Public transit agency

Waukesha Metro Transit is a public transit agency operating in the city of Waukesha and throughout Waukesha County. Founded in 1981, the system directly operates ten bus routes, contracts three commuter routes to Wisconsin Coach Lines, and partially funds two routes of Milwaukee County Transit System which extend into Waukesha County.

Waukesha Metro is also one of five transit agencies that are part of the Southeast Wisconsin Transit System.

==History==

Following the approval of a referendum in 1980, Waukesha Metro Transit started operating in 1981, returning bus service to the city for the first time since 1977. Paratransit service, under the name Metrolift, began in 1982 under contract with Dairyland Buses Inc.

In 2023, Waukesha Metro began adding support for Milwaukee County Transit System's fare system.

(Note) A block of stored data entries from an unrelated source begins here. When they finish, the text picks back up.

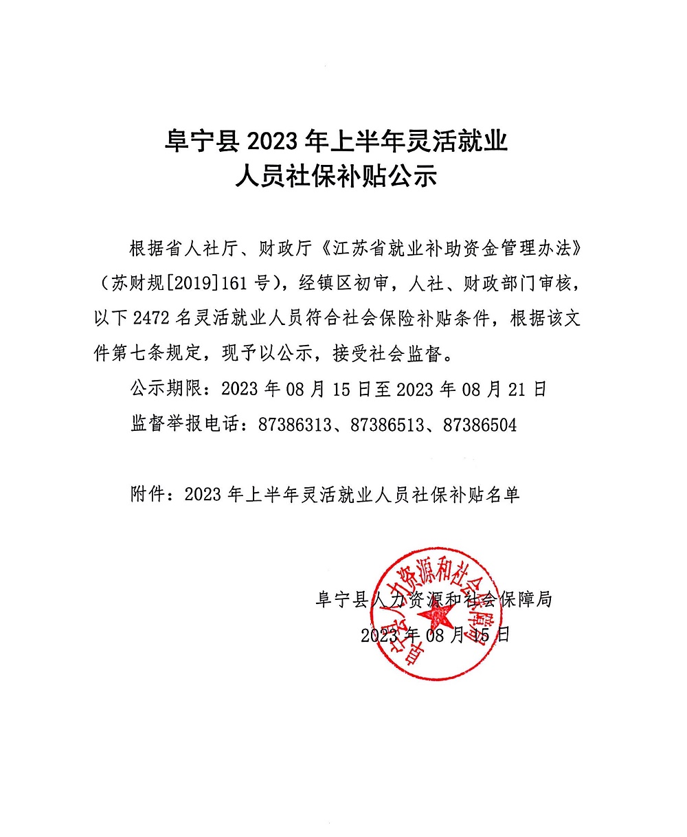 阜宁县2023年上半年灵活就业人员社保补贴公示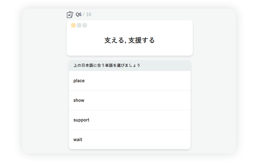 表示される「日本語」の意味を選択肢の中から選ぶ |
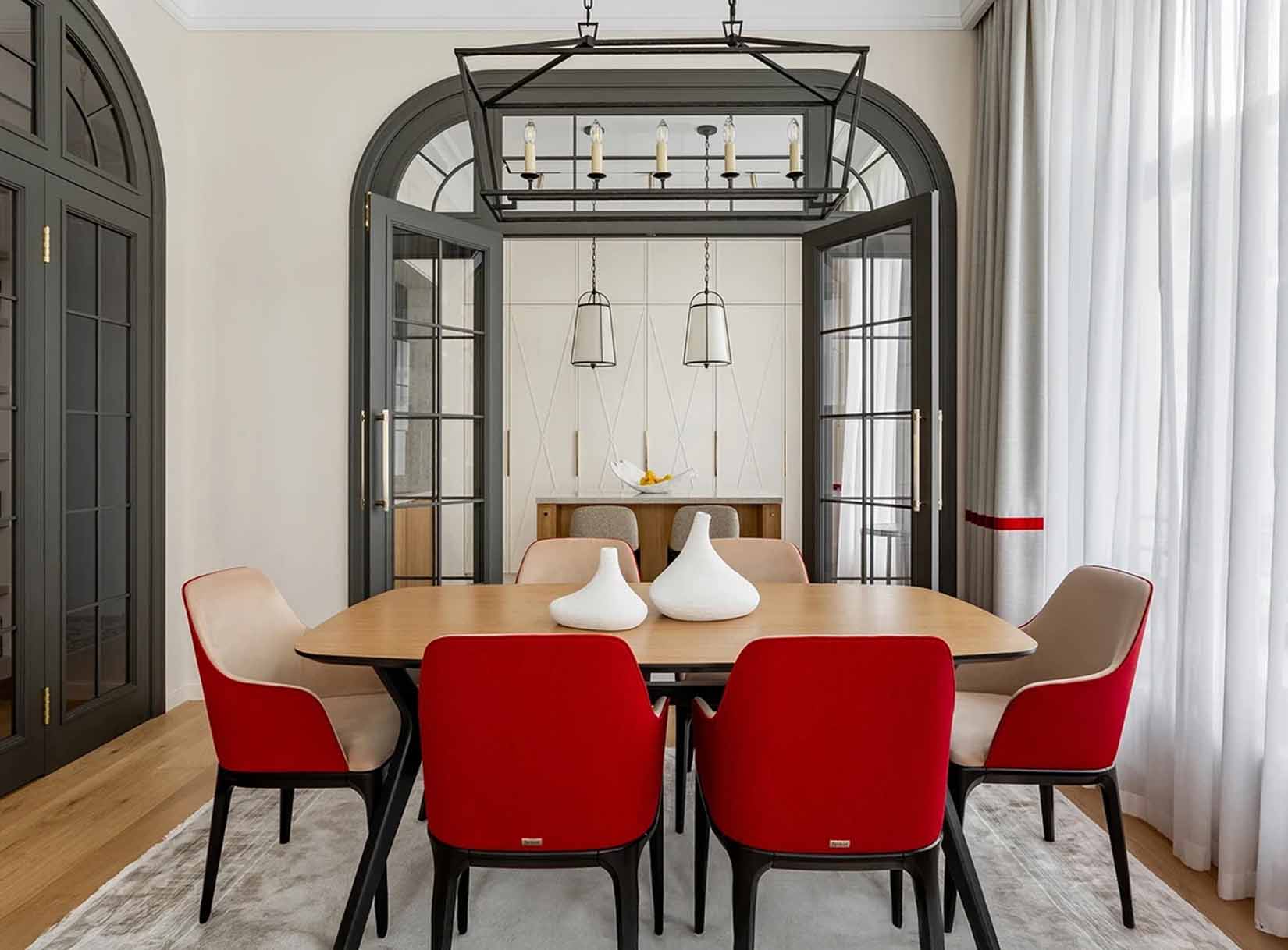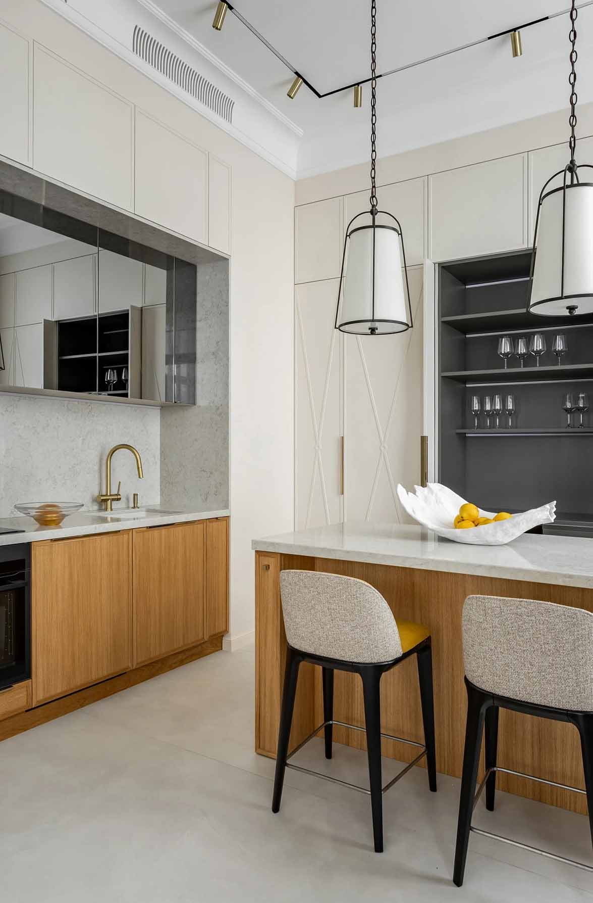 Elegancia és energia találkozása jellemzi ezt az enteriőrt ebben a 98 m²-es lakásban, melyet egy lányos család számára terveztek. A dizájn a modern klasszikus stílus szellemében született: egyszerre visszafogott, elegáns, ugyanakkor életteli. A alapot a semleges bézs árnyalatok adják, amelyeket karakteres színfoltok törnek meg – az ötlet a tulajdonos marokkói utazásaiból származik. A cél azonban nem az etnikai motívumok szolgai másolása volt, hanem a színekben rejlő érzelmi töltet és dinamizmus átültetése egy modern, városi környezetbe.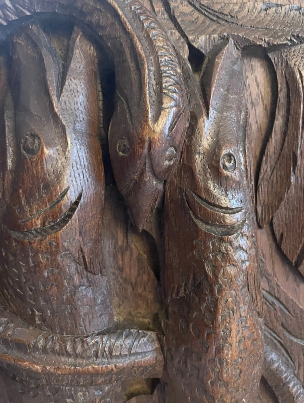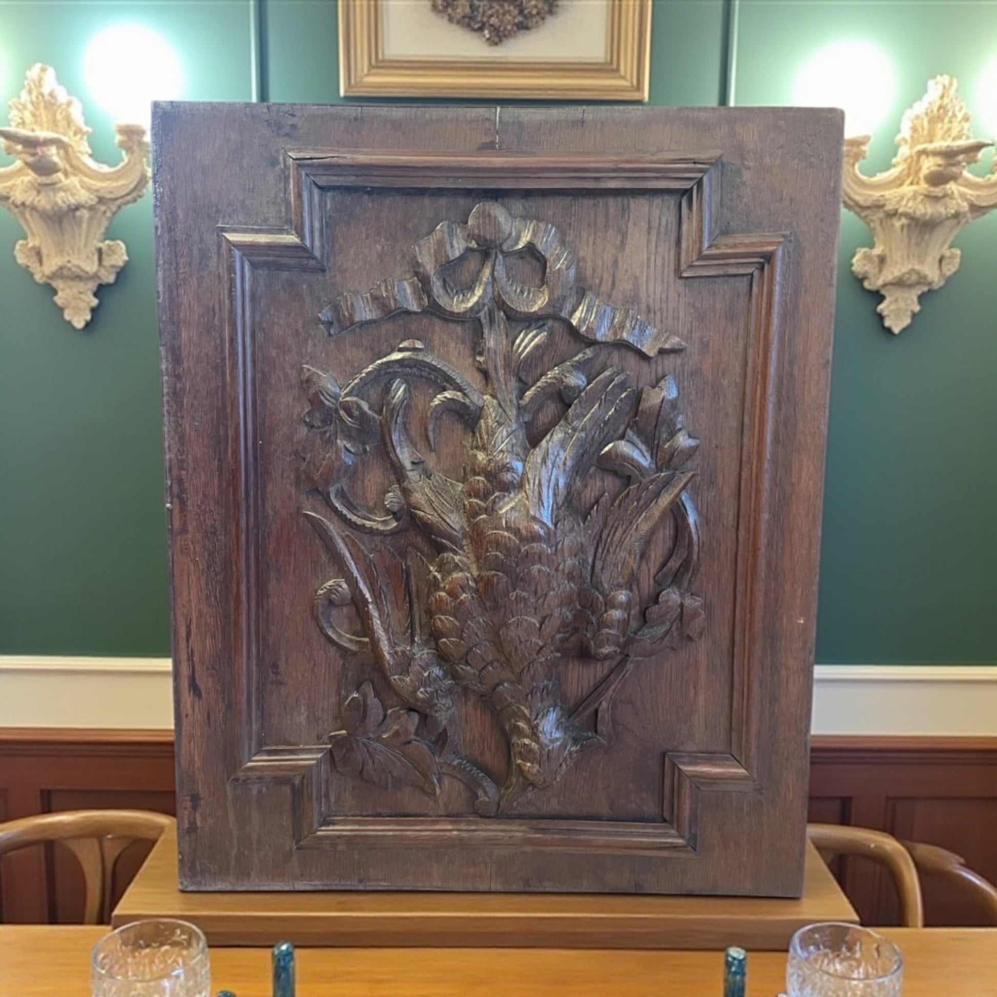 ✨ Un frammento di natura scolpita nel legno. Due grandi pannelli (55×45 cm ciascuno) si presentano come testimonianza di un’arte che unisce il lavoro paziente dell’intaglio alla forza simbolica delle immagini. Su uno, le curve sinuose di anguille e pesci avvolti tra le foglie richiamano il mondo acquatico e la ricchezza del mare. Sull’altro, un volatile dalle piume minuziosamente scolpite emerge evoca la caccia e l’abbondanza della terra. Insieme, formano una coppia armoniosa: mare e terra, acqua e aria, abbondanza e nutrimento, resa eterna dal calore del legno massello. Un tempo parte di un arredo signorile e di una boiserie raffinata nella Locanda di un castello, oggi questi pannelli diventano protagonisti di una parete; portando con sé una storia di convivialità e di arte antica.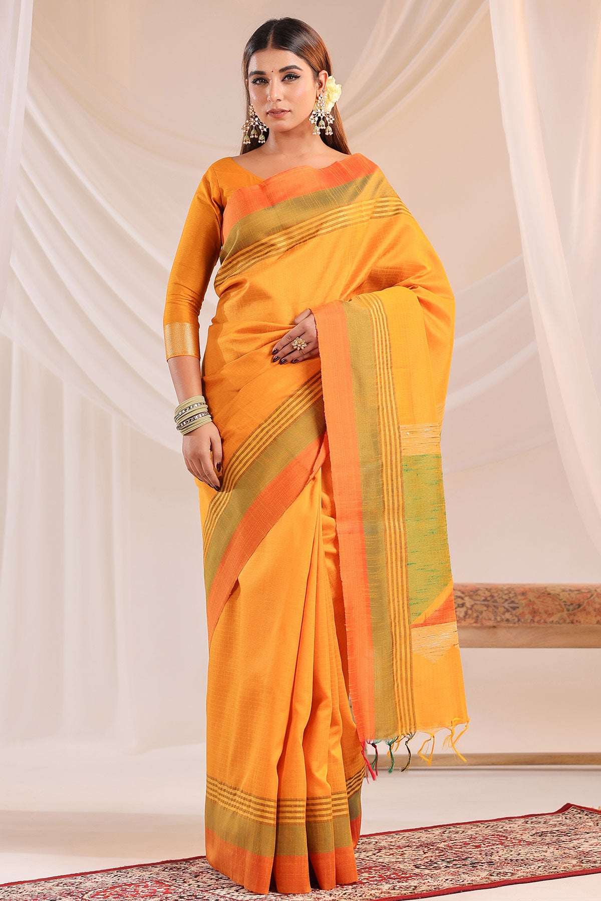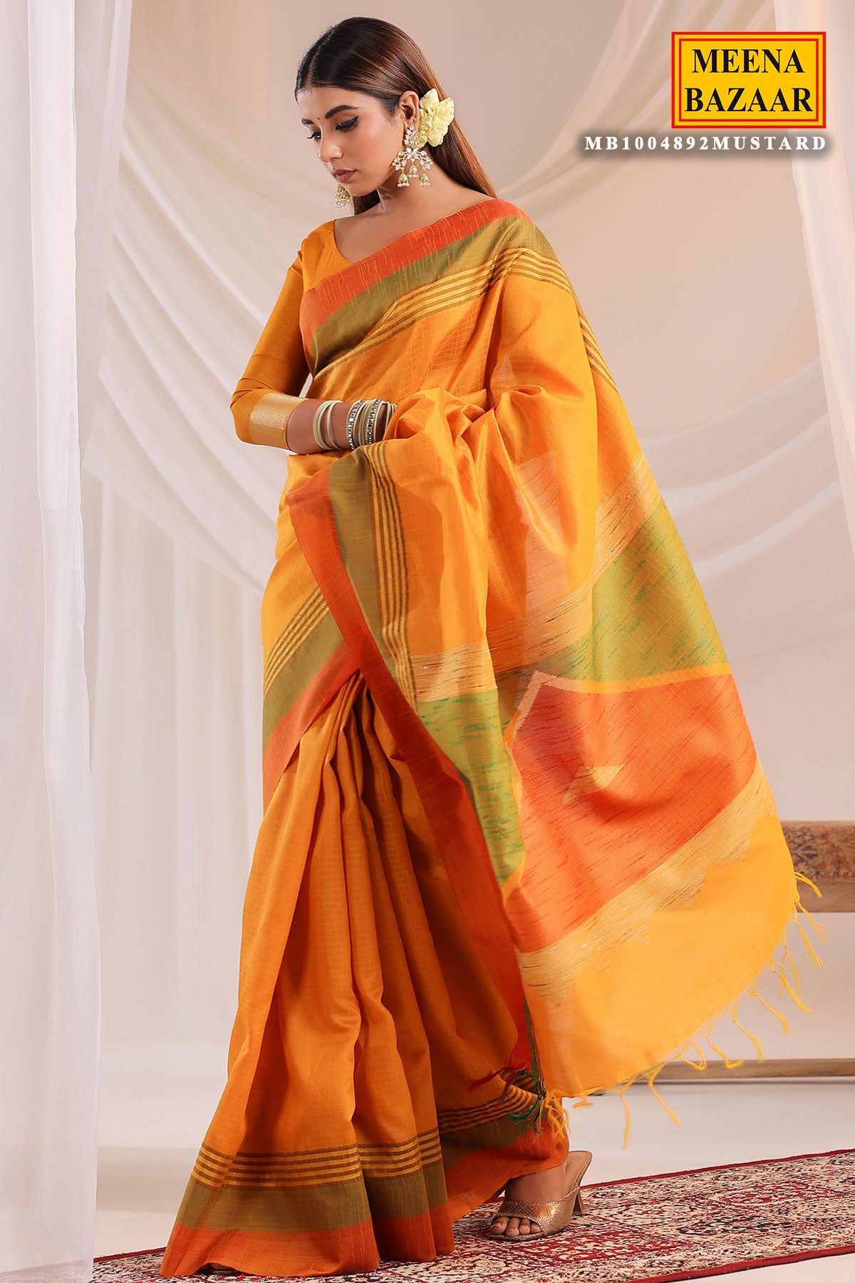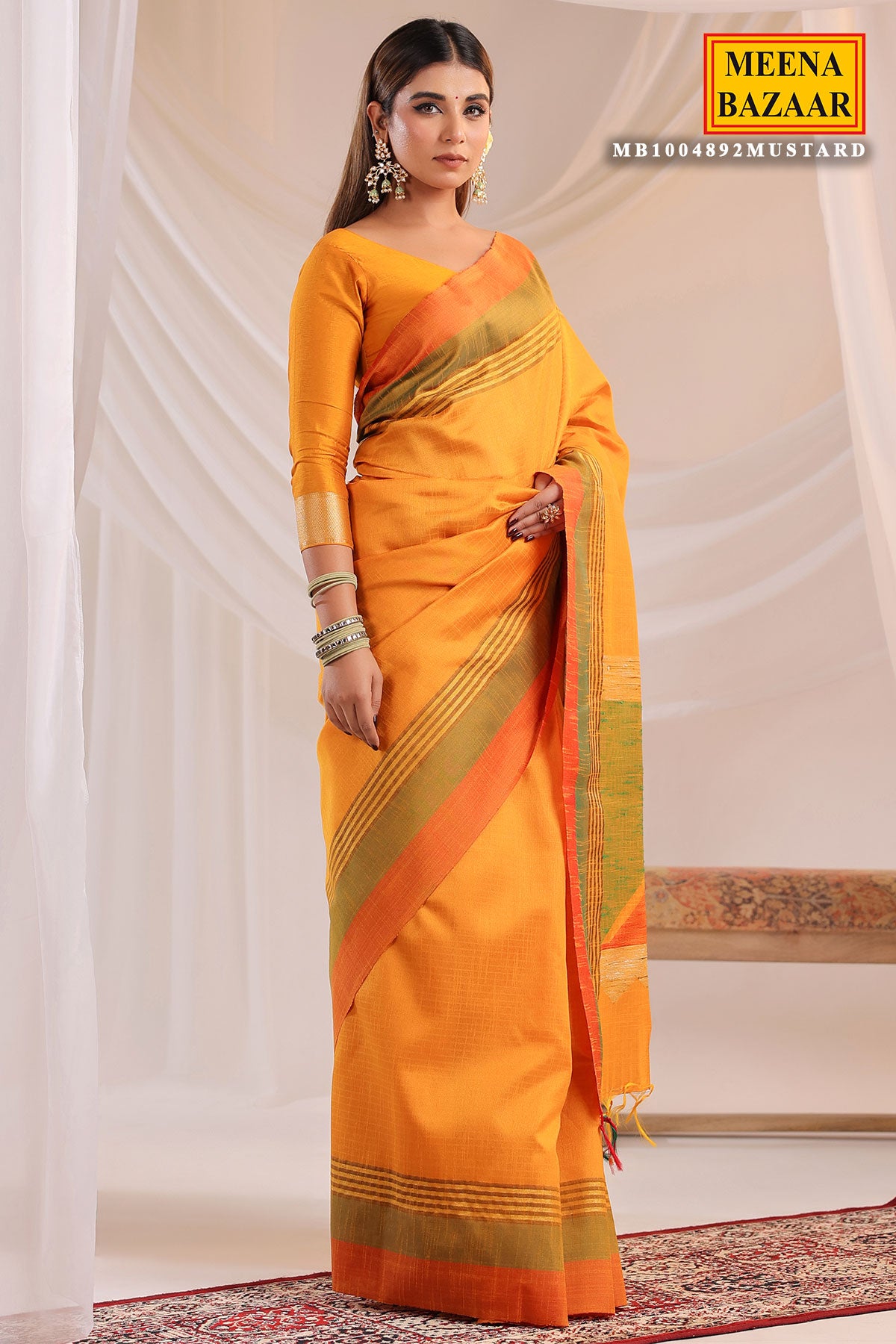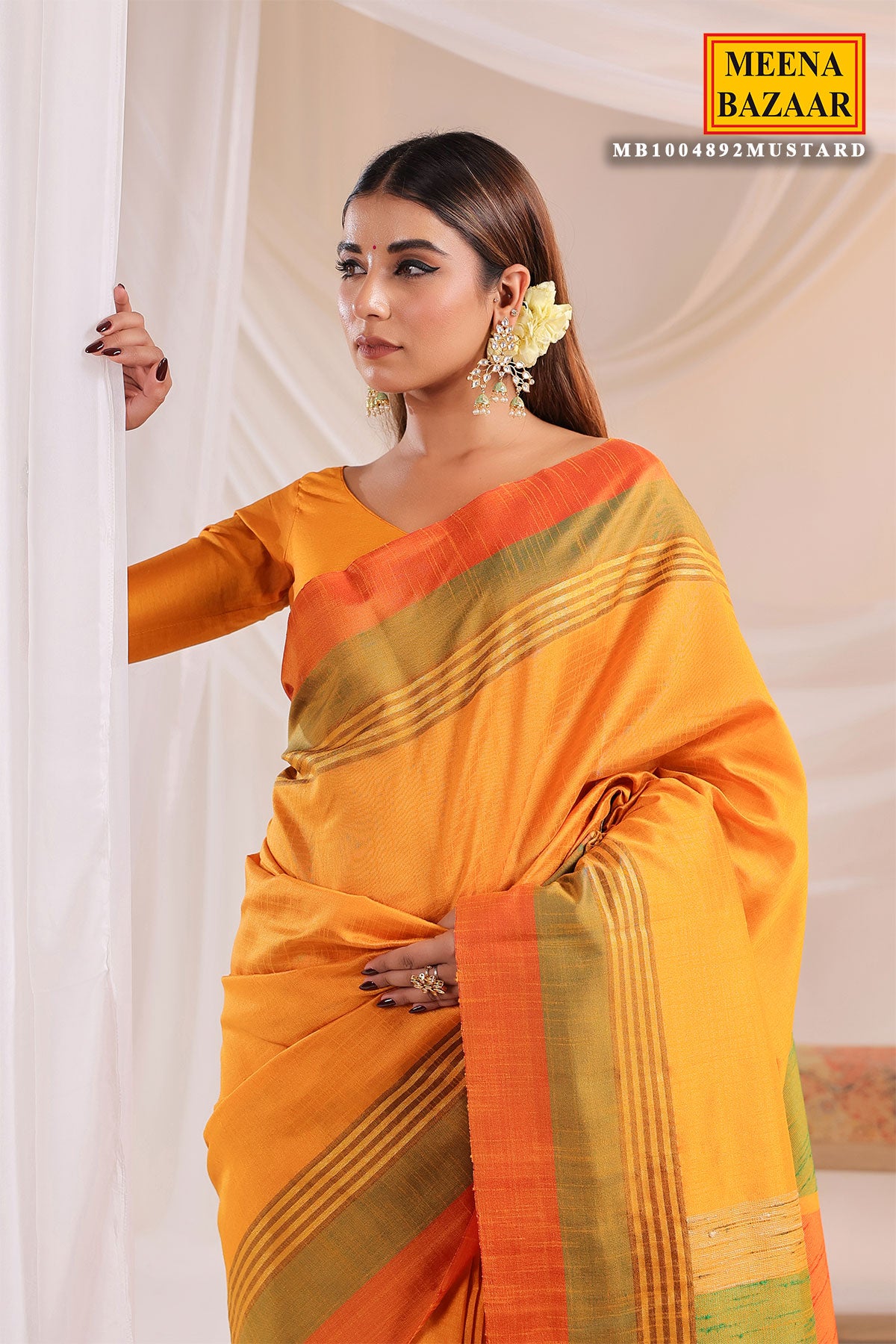 Grace your wardrobe with this stunning mustard silk saree, beautifully crafted with intricate weaving work that reflects timeless elegance. The rich silk fabric offers a luxurious drape and soft feel, making it perfect for festive occasions, weddings, and special gatherings. Its vibrant mustard hue adds a regal charm, while the detailed weave enhances its classic appeal. Pair it with statement jewelry to complete a sophisticated ethnic look.

As of September 2025, Waukesha Metro is planning on ending commuter service on routes 904 and 905. In June 2025 Waukesha Metro eliminated routes 2 and 7 and reduced service on routes 1 and 15.

==Services==

| No. | Route | Notes |
|---|---|---|
| 1 | Waukesha/Froedtert | Downtown Transit Center to Milwaukee Regional Medical Center; transfers with Milwaukee County Transit System Connect 1 |
| 3 | Moreland | Downtown Transit Center to Target (Kossow Rd) |
| 4 | Grand | Downtown Transit Center to Wal-Mart |
| 5 | Prairie | Downtown Transit Center to The Shoppes at Fox River |
| 6 | St. Paul | Downtown Transit Center to Badger Dr via Kohls |
| 8 | Summit | Downtown Transit Center to North High School |
| 9 | Northview | Downtown Transit Center to Waukesha County Technical College |
| 15 | Racine | Downtown Transit Center to Meijer and South High School |

==Downtown Transit Center==
The Downtown Transit Center is located in downtown Waukesha at 212 East Saint Paul Ave. The center replaced the former transfer center, which was crowded on a road between the Fox River and the back end of buildings along West Main St. It serves as the central transfer point for 12 routes of the system's routes. It opened in October 2004 and provides an indoor waiting area, restrooms, 13 covered bus bays, a drivers’ lounge, and a customer service area. The Downtown Transit Center also includes a two-floor parking ramp for 460 vehicles. The opening was originally planned for late summer of 2004, but this was delayed due to WisDOT complaints that adjacent streets would be converted from one-way to two way in order to improve access and safety. These improvements eventually were allowed, and the center opened under the $16 million budget. The City of Waukesha implemented security upgrades to the Downtown Transit Center in 2017 and 2018.

==Ridership==

In an October 2022 newsletter, the Southeastern Wisconsin Regional Planning Commission reported that Waukesha Metro Transit "performs very well", but recommends possible straightening of some routes if ridership doesn't return to pre-pandemic levels.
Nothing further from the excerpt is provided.